Actually, science accomplished this. In 2010, a team of biologists redesigned the shape of snails. They reprogrammed the growth direction of the mollusks’ shell-generating tissue in the period when a freshwater snail begins to form its outer shell. The process prevented the development of the shell. In the end, they had what was basically a slug. But Mother Nature has never seen fit to transform snails into slugs or vice versa.
Are slugs worse than snails?
There’s no way to determine if there is a “worse” between the snail and slug species. They are both dangerous to your lawns and gardens. They love well-maintained greenery where they can hide, nest, and feed.
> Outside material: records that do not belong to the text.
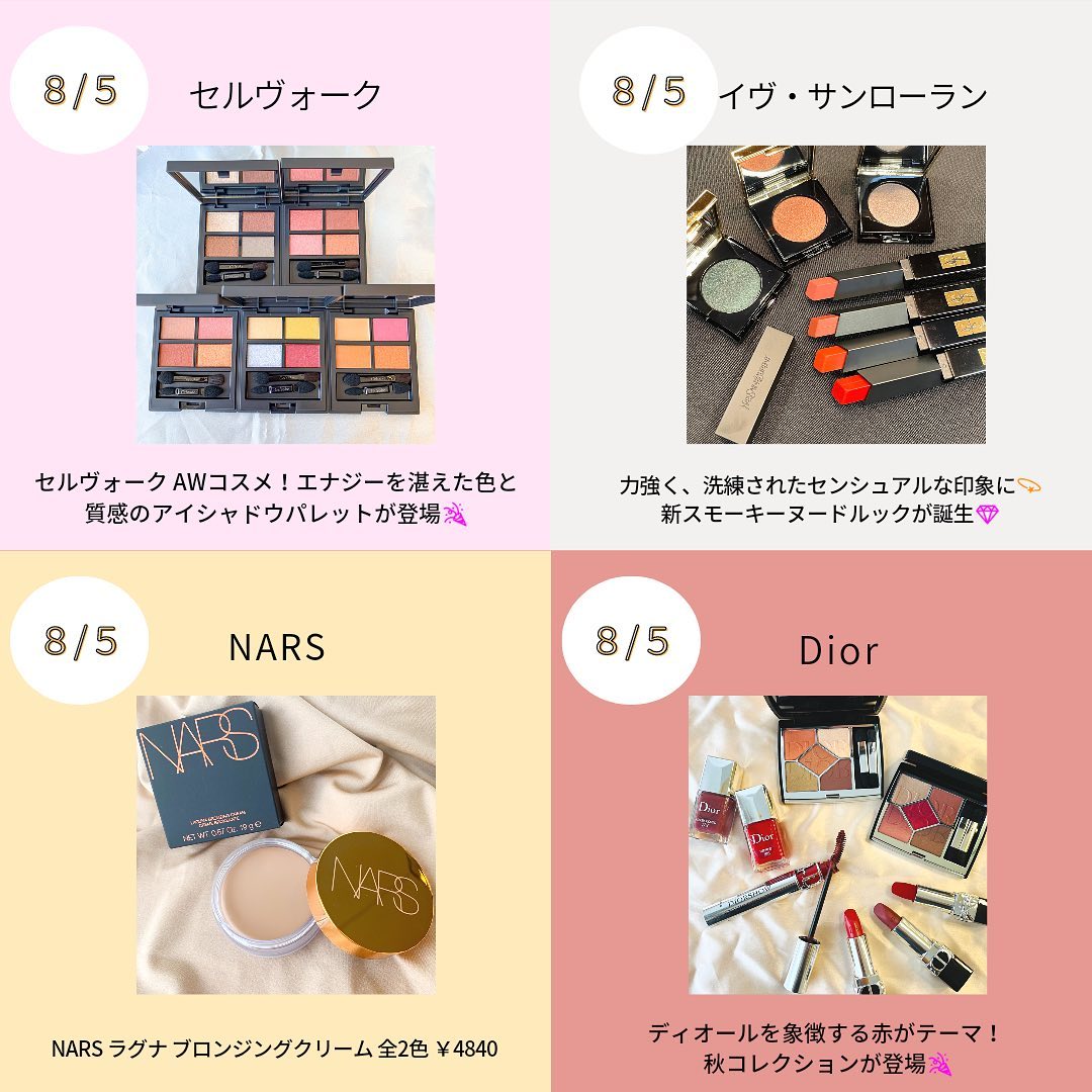 #voce #vocemagazine #ヴォーチェ #コスメ好きさんと繋がりたい #コスメカレンダー #先取りコスメ #限定コスメ #限定アイテム #秋コスメ #秋冬コスメ #アナスイ #ポーラ #ポーラBA #ポールアンドジョー #イプサ #シュウウエムラ #THREE #エトヴォス #ジルスチュアート #NARS #カネボウ #アディクション #ジバンシイ #セルヴォーク #YSL #ディオール
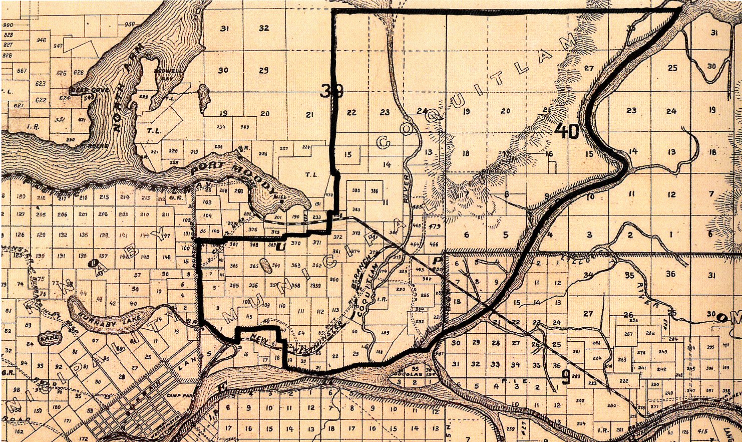 Coquitlam’s original boundaries have been drawn on this map from 1892 using the descriptions found in the original Letters Patent.
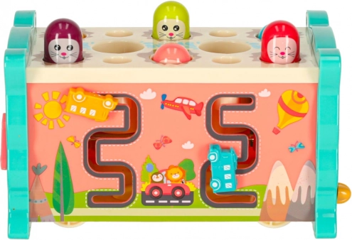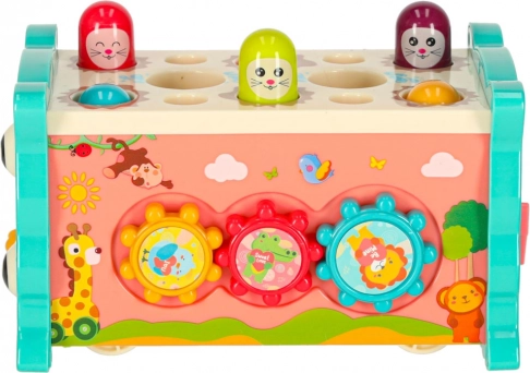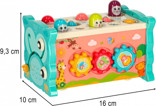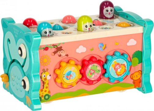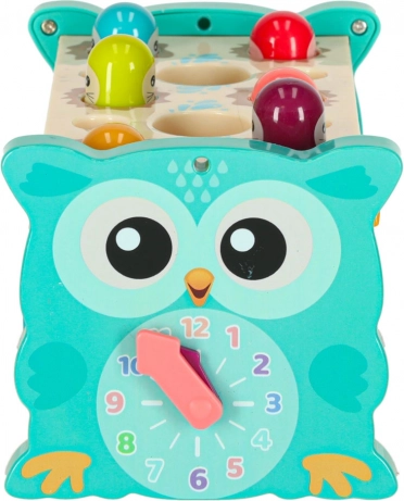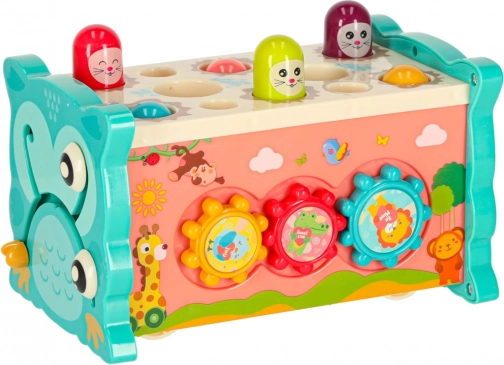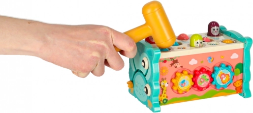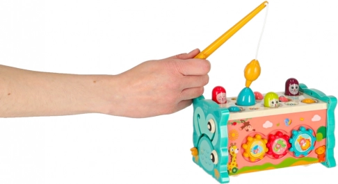 Questo giocattolo interattivo garantisce ore di divertimento! Uno degli elementi principali è la possibilità di battere piccoli talpe con un martello, che saltano fuori, il che dà ai bambini gioia e migliora i loro riflessi. Il giocattolo permette anche di catturare pesci colorati e vermetti usando la canna da pesca inclusa, il che aiuta a sviluppare la precisione e la pazienza. I bambini possono anche imparare le basi dell'orologio, ruotare ingranaggi colorati e muovere macchinine in un labirinto. Grazie alle diverse attività, il set garantisce ore di divertimento, stimolando i sensi dell'infanzia con colori intensi e forme variegate.
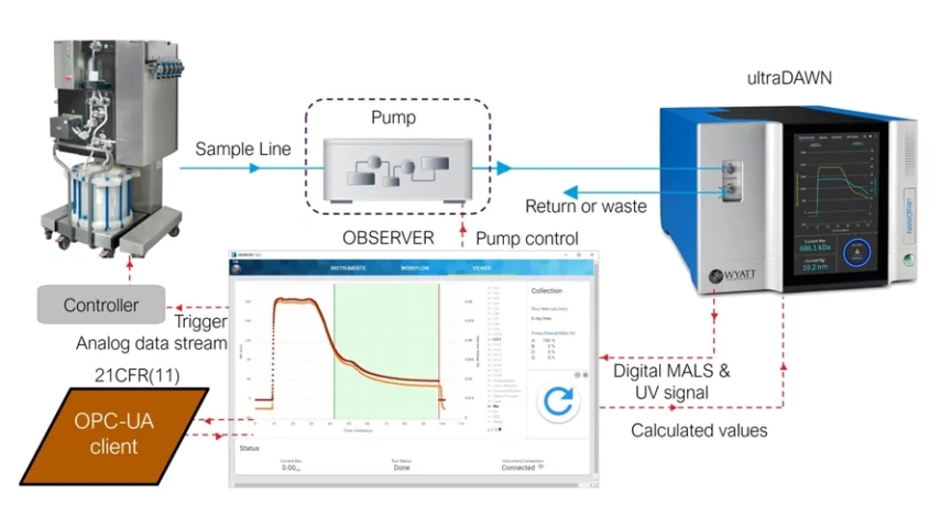 On-line RT-MALS combines an ultraDAWN with an auxiliary pump to draw sample from the process unit (here an ÄKTA™ ready preparative LC system). OBSERVER software orchestrates the measurements, sychronizing with the chromatography steps, calculating product attributes and feeding results back to the process controller such as UNICORN™ software or an OPC-UA client.
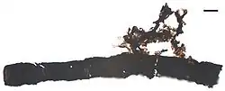 Trilete spores similar to those of vascular plants appear soon afterwards, in Upper Ordovician rocks about 455 million years ago.[20][21] Depending exactly when the tetrad splits, each of the four spores may bear a "trilete mark", a Y-shape, reflecting the points at which each cell squashed up against its neighbours.[22] However, this requires that the spore walls be sturdy and resistant at an early stage. This resistance is closely associated with having a desiccation-resistant outer wall—a trait only of use when spores must survive out of water. Indeed, even those embryophytes that have returned to the water lack a resistant wall, thus don't bear trilete marks.[22] A close examination of algal spores shows that none have trilete spores, either because their walls are not resistant enough, or, in those rare cases where they are, because the spores disperse before they are compressed enough to develop the mark or do not fit into a tetrahedral tetrad.[22]
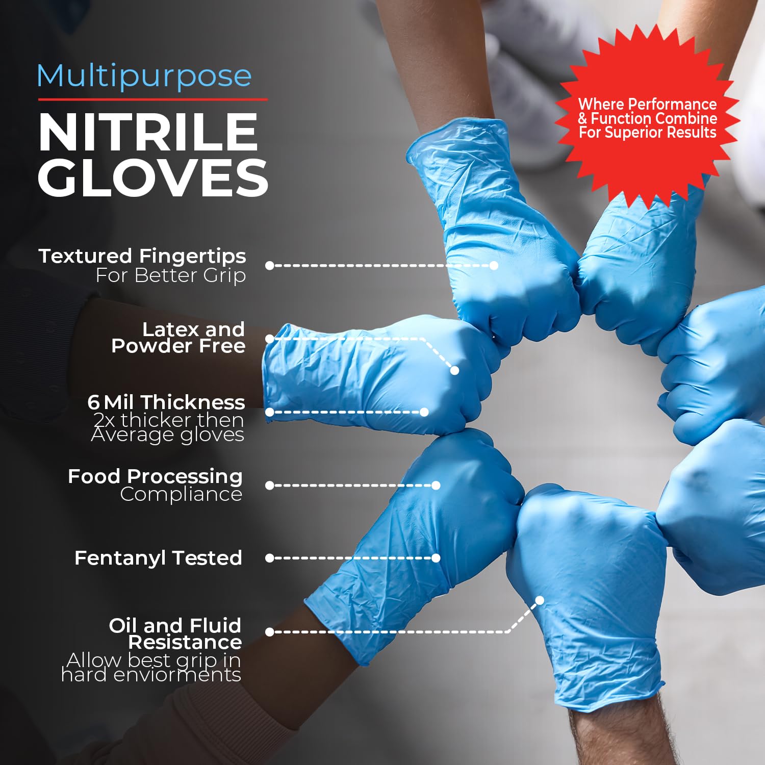 Heavy Duty 6 Mil Blue Nitrile Gloves Disposable Latex & Powder Free -Extra Stretchy Fentanyl Safe |Medical,First Aid Kit,EMT|Food Safe Rubber Gloves for Cooking & Cleaning|Bulk Pack (1000)
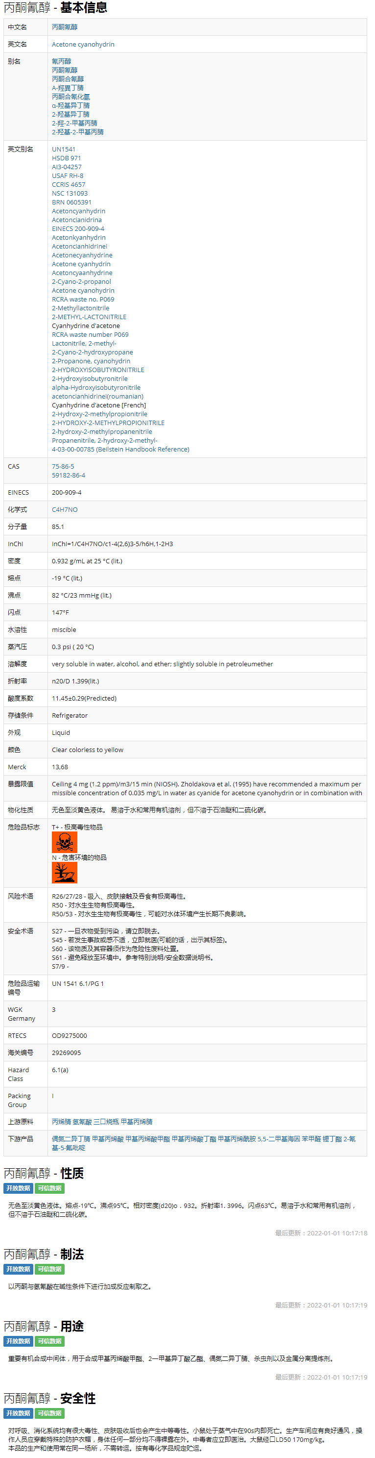 別 名:2-羥基異丁腈;氰丙醇;丙酮氰醇;2-甲基-2-羥基丙腈;2-甲基乳腈;2-羥基-2-甲基丙腈;α-羥基異丁 腈;丙酮合氰化氫
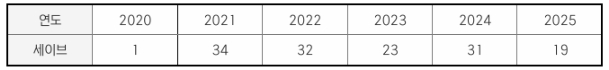 6월 24일 현재 19세이브로 세이브 부문 리그 3위에 올라있는 정해영은, 21세이브를 기록하고 있는 박영현(KT)과 20세이브의 김원중(롯데)을 바짝 추격하고 있다. 정해영은 2024시즌 31세이브를 올리며 KBO 리그 세이브상을 수상한 바 있다.
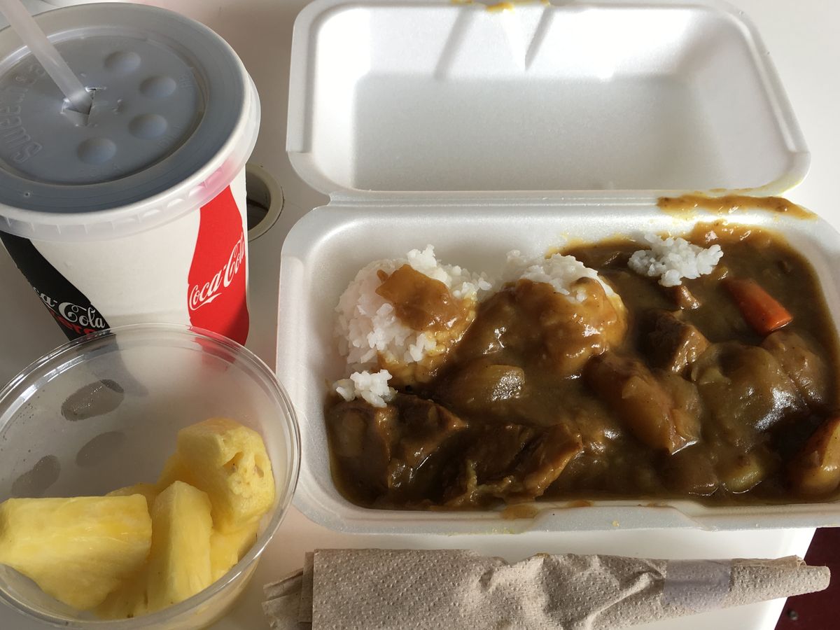 気になる昼食は、お肉がゴロゴロとはいった美味しいカレーライス・ドリンクおかわり自由です。
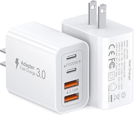 40W USB C Charger Cube, 2-Pack Wall Plug Fast Charging Block, 4-Port PD+QC Power Adapter Multiport Brick Type C Box for iPhone
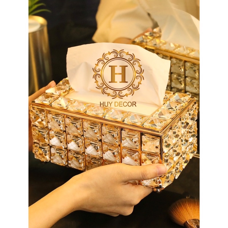Hộp đựng khăn giấy đính đá phale Huydecor8888
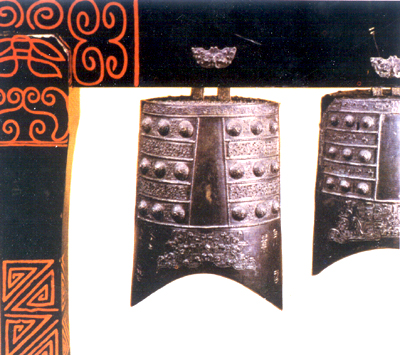 河南信陽(yáng)長(zhǎng)臺(tái)關(guān)出土。戰(zhàn)國(guó)中晚期。鈕鐘十三件成組,飾蟠虺紋,以有獸面的穿釘懸于架上。出土?xí)r附有木槌。同出遣冊(cè)記“鐘以大十有三”。最大一鐘紋飾與其它略異,銘云“惟荊歷屈欒,晉人救戎于楚境”。“屈欒”即屈夕,楚月名,相當(dāng)秦十一月。
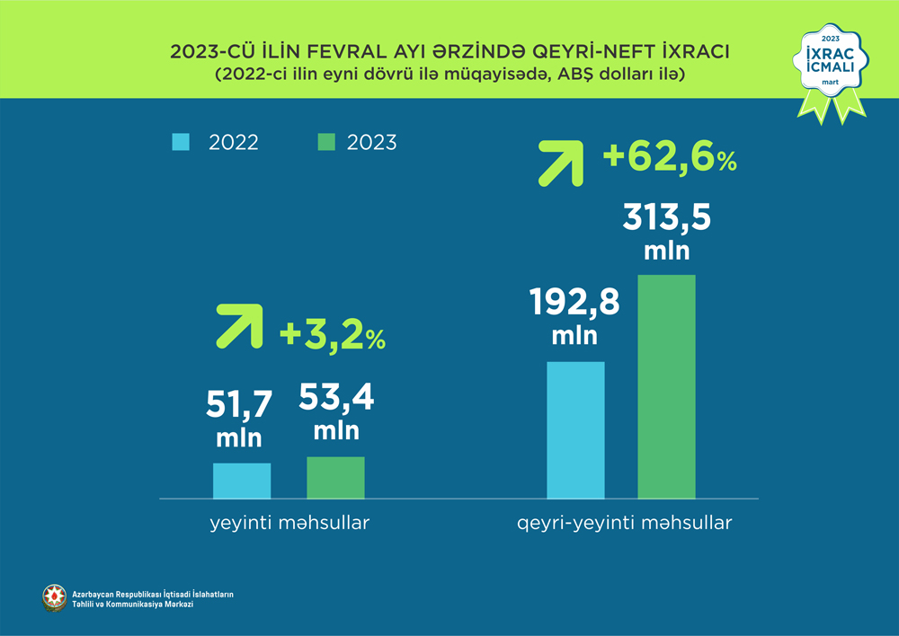 2023-cü ilin fevral ayının qeyri-neft ixracı 366,9 milyon ABŞ dolları təşkil edib. 2023-cü ilin fevral ayı ərzində yeyinti məhsulları üzrə ixrac 53,4 milyon ABŞ dolları, qeyri-yeyinti məhsulları üzrə isə 313,5 milyon ABŞ dollarına bərabər olub.
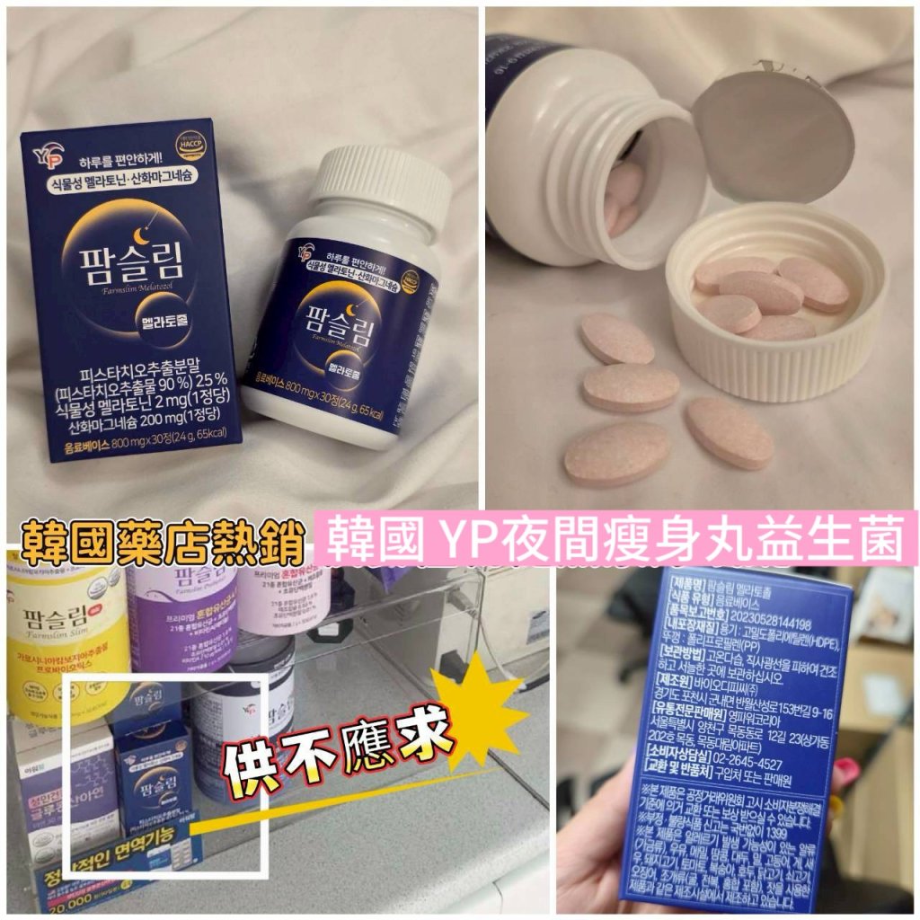 韓國🇰🇷直送✈️YP夜間瘦身丸益生菌(一盒30粒) 🆕🆕YP最新推出方便裝🆕🆕 呢款之前出嘅粉狀益生菌好多客人都非常有效,依家出咗升級版,大家必試❤️🔥❤️🔥 一粒800mg,全面升級🆙🆙🆙 ❤️🔥❤️🔥韓國藥妝店熱銷❤️🔥❤️🔥 YP夜間瘦身丸實際上是指「YP 好夢益生菌」,這是一種韓國製造的三效合一益生菌產品,旨在結合改善睡眠品質、藤黃果提取物促進新陳代謝,以及低分子魚膠原蛋白來輔助瘦身與維持健康。該產品含有多種成分,包括提高睡眠品質、藤黃果提取物以幫助燃燒脂肪,以及幫助延長飽腹感。 產品特色與成分: * 三效合一 :集提升睡眠品質、燃燒腰部脂肪和補充膠原蛋白於一身。 * 改善睡眠品質 :有助於提高睡眠品質。 * 藤黃果提取物 :用於增加新陳代謝,幫助燃燒腰部脂肪。 * 低分子魚膠原蛋白 :有助於維持健康。 * 延長飽腹感 :減少熱量囤積,防止脂肪堆積。 放鬆壓力 療癒疲憊身心靈 🔥促進腸胃道蠕動 啟動代謝 同時好入睡 一覺到天亮 ❗️享廋不必忍受 更能一夜好眠 睡得好 體內循環好 排空阻斷沒問題👌 幫助腸胃道健康 排便順順不卡卡 宿便一掃而空 氣色紅潤青春洋溢
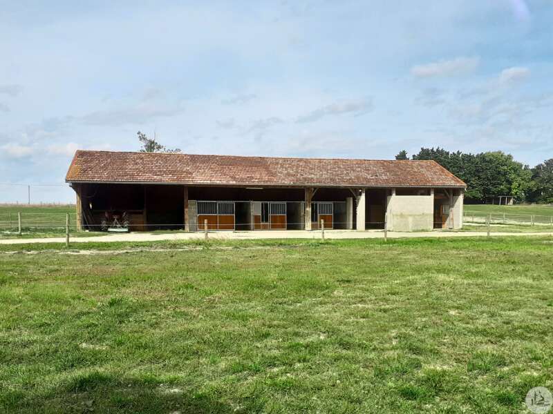 Charming equestrian property not overlooked located at the end of its path consisting of a completely renovated stone house. We enter a living room of 56 m2 with stone walls and terracotta tiles on the floor with a lovely view of the swimming pool, a corridor leads to a bedroom of 12m2, a bathroom with shower, bathtub, toilet and the kitchen of 32 m2 equipped with a central island; we access the hallway upstairs and two bedrooms of 16 m2 each From the large glass door of the kitchen on the south side we access the awning covering a terrace of 72 m2 with a view of the training track and meadows. This terrace gives access to the fourth bedroom of 18 m2 with en suite a shower room and toilet of 9m2 and to the garage of 30 m2. A pretty enclosed pleasure garden surrounds the awning and includes a 10X5 m salt water swimming pool with pool house liner and a 39 m2 tiled terrace adjoining the swimming pool A 280 m2 wooden frame and cladding building / stable equipped with 3 boxes with automatic waterers (20, 25 and 25 m5) a farriery, a tack room, hayloft, and various rooms The land bordered by a large hedge is flat and fully fenced to form 8 paddocks which include a 650m training track In the construction project by the ARKOLIA company on plots 683 and 684, a metal building which will receive 1600 m2 photovoltaic panels (60mX 26.5 m) planned to be used as a riding school or other project a 30-year emphyteutic lease years the earthworks and the cladding will be 6000 euros more at the buyer's expense
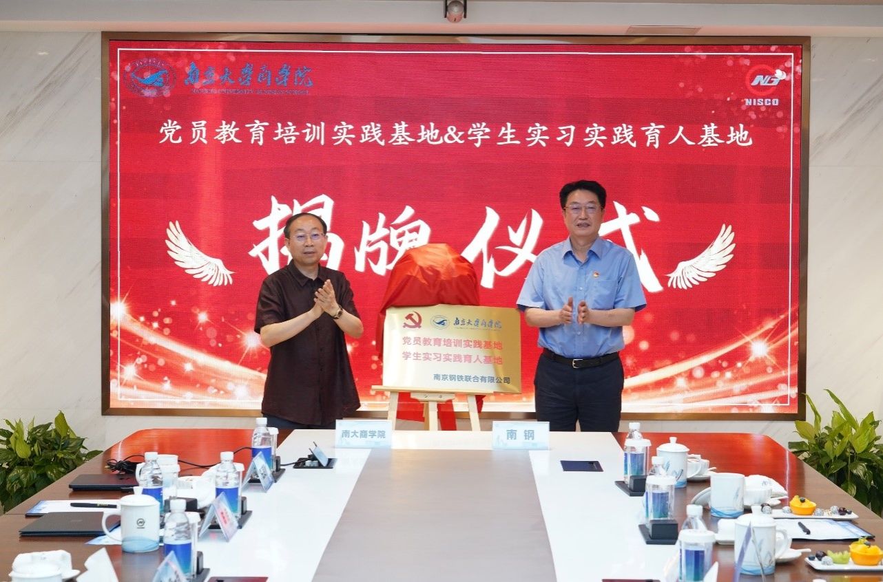 南钢党委副书记王芳与商学院党委副书记王宇伟代表双方签署党建共建协议,南钢党委书记、董事长黄一新与商学院院长安同良共同为凯发k8官网钢铁联合有限公司-凯发k8官网商学院“党员教育培训实践基地与学生实习实践育人基地”揭牌。
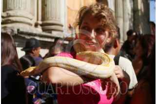 OAXACA, OAXACA, 31AGOSTO2015.- Este lunes se celebró el día de San Ramón Nonato, santo patrono de la vida, por lo que decenas de feligreses acudieron a la iglesia de La Merced ubicada en la ciudad de Oaxaca para bendecir a sus mascotas a las cuales suelen disfrazar, los animales van desde perros, gatos y pericos hasta víboras, cullos y puercoespines. FOTO: ARTURO PÉREZ ALFONSO /CUARTOSCURO.COM
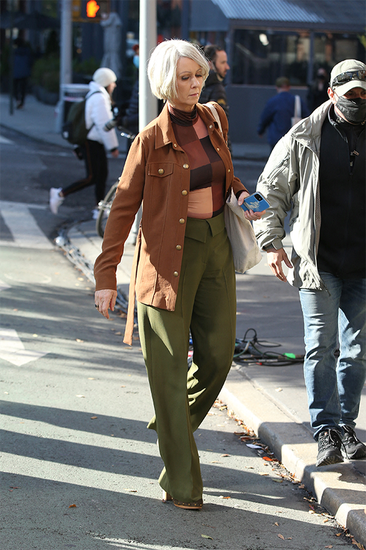 Miranda Hobbes interprétée par Cynthia Nixon en pantalon kaki Jason Wu et top patchwork ALC.
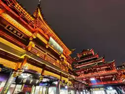 Yuyuan Ancient Pedestrian Street in downtown Shanghai is very beautiful at night

Do slugs and snails feel pain?
The slug has a highly developed nervous system. The fastest way to get rid of them is to pour salt on the creature. This rapidly dehydrates (burns) the slug and you can see them trying to escape, writhing because of the pain. The slug even flinches if it walks into an object. As for the snail, researchers say their nervous systems do not process emotional information, so they do not experience suffering.
Is snail venom really used as a medication?
There are conotoxins in snail venom. The snail uses it for capture and defense. The element contains bioactive peptides used in pharmacological resources. It’s believed these elements could become a new classification of analgesics.
Do snails bite?
Yes, they do. On average, they have 14,000 teeth. Only because of their size and lack of force, you don’t feel it. It’s said the bite feels like a scrape on the skin with a tiny brush. But there are wild snails that can inflict a painful bite.